Human Rights: Females

(asked on 28th September 2020) - View Source

Question to the Foreign, Commonwealth & Development Office:

To ask Her Majesty's Government what assessment they have made of the report by CRIED, Invisible Targets of Hatred: Socioeconomically Excluded Women from Religious Minority Backgrounds, published on 10 September; and how the findings of this research will be reflected in (1) the UK's dialogue with, and (2) UK Aid programmes in, countries where the ideologically motivated sexual abuse of women and girls from religious minority backgrounds occurs.


Answered by
Baroness Sugg Portrait
Baroness Sugg
This question was answered on 9th October 2020

As reflected in the CREID report, the UK agrees that we must address the multiple, intersecting forms of violence that women and girls experience in their daily lives.

The UK has contributed over £20 million to the UN Trust Fund to End Violence Against Women, which provides grants to women's rights organisations and other grassroots organisations to support innovative approaches to ending violence against women. This includes projects such as the Free Yezidi Foundation Women's Center, which works in an internally displaced persons camp in the Kurdistan region of Iraq, providing services to survivors of sexual and gender-based violence. It is now more important than ever to scale-up effective approaches to tackle all forms of violence against women and girls, including ideologically motivated violence.

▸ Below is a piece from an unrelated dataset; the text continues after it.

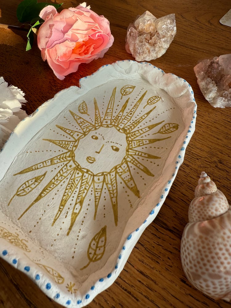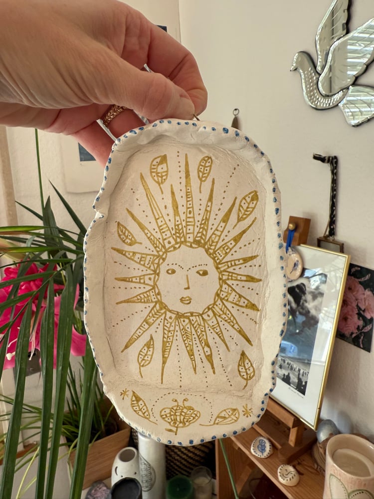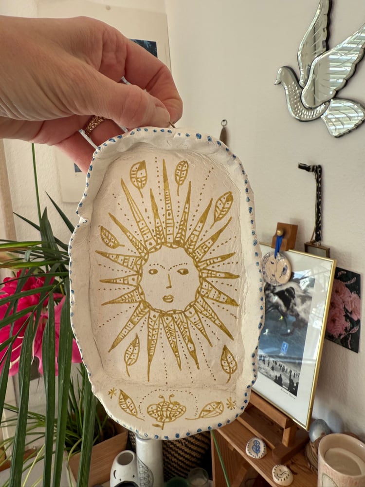 Je les ai réalisées en argile, puis je les ai peintes à l'acrylique et je les ai vernis, derrière j'ai collé un crochet pour que vous puissiez l'accrocher au mur si vous le souhaitez. ☀️

To respond to the urgent need to scale up violence against women and girls prevention, we are investing £67.5 million in a successor programme to the UK's What Works programme - What Works to Prevent Violence: Impact at Scale. This will be the first global effort to systematically scale-up of violence prevention efforts, and pioneer new scalable approaches to tackle violence against the most marginalised women and girls who face multiple forms of discrimination. It is the largest investment by any single donor government to prevent violence against women and girls globally.